Boxplots comparing (a) the number of sites bound, and (b) the number of differentially expressed transcription factors binding events near functionally or non-functionally bound genes. We considered binding for siRNA-targeted factor and any factor differentially expressed in the knockdown. (c) Focusing only on genes differentially expressed in common between each pairwise set of knockdowns we tested for enrichments of functional binding (y-axis). Pairwise comparisons between knockdown experiments were binned by the fraction of differentially expressed transcription factors in common between the two experiments. For these boxplots, outliers were not plotted.

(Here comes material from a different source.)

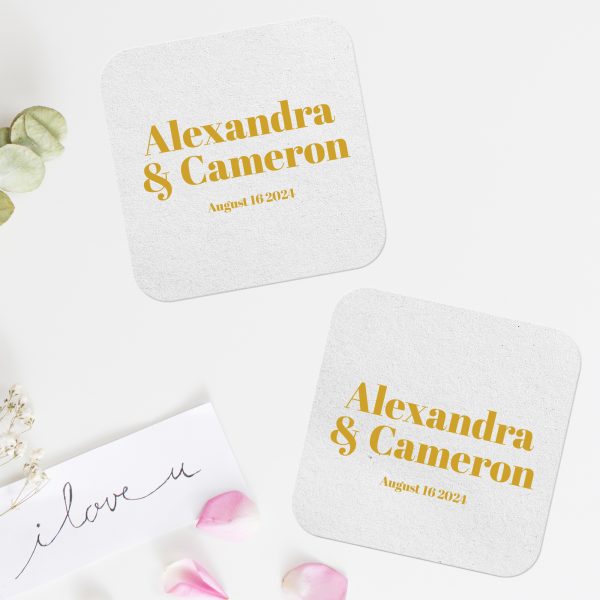 Enhance the significance of your special occasion with our collection of customizable save the date coasters! These versatile pulpboard drink coasters make perfect favors or table decorations. Crafted to embody your style, they offer an excellent way to add a personalized touch to your wedding. From monogrammed designs to bespoke messages and dates, these coasters not only serve as practical beer coasters but also double as cherished keepsakes for your guests. Explore our assortment to create enduring memories with these personalized wedding coasters!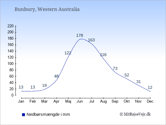 Hvis du vil se, hvordan vejret i Bunbury adskiller sig fra vejret derhjemme, kan du sammenligne tallene måned for måned med de tilsvarende tal for Danmark under Bunbury: klima & vejr.

https://doi.org/10.1371/journal.pgen.1004226.g004

We proceeded by examining the distribution of binding about the TSS. Most factor binding was concentrated near the TSS whether or not the genes were classified as differentially expressed (Figure 5A). However, surprisingly, the distance from the TSS to the binding sites was significantly longer for differentially expressed genes (P<10−16; Fig. 5B). We then investigated the distribution of factor binding across various chromatin states, as defined by Ernst et al. [11]. This dataset lists regions of the genome that have been assigned to different activity states based on ChIP-seq data for various histone modifications and CTCF binding. For each knockdown, we separated binding events by the genomic state in which they occurred and then tested whether binding in that state was enriched around differentially expressed genes. After correcting for multiple testing, 19 knockdowns showed significant enrichment for binding in “strong enhancers” around genes that were differentially expressed and four knockdowns had significant enrichments for “weak enhancers”. Further, eight knockdowns showed significant depletion of binding in “active promoters” of genes that were differentially expressed and six knockdowns had significant depletions for “transcription elongation”.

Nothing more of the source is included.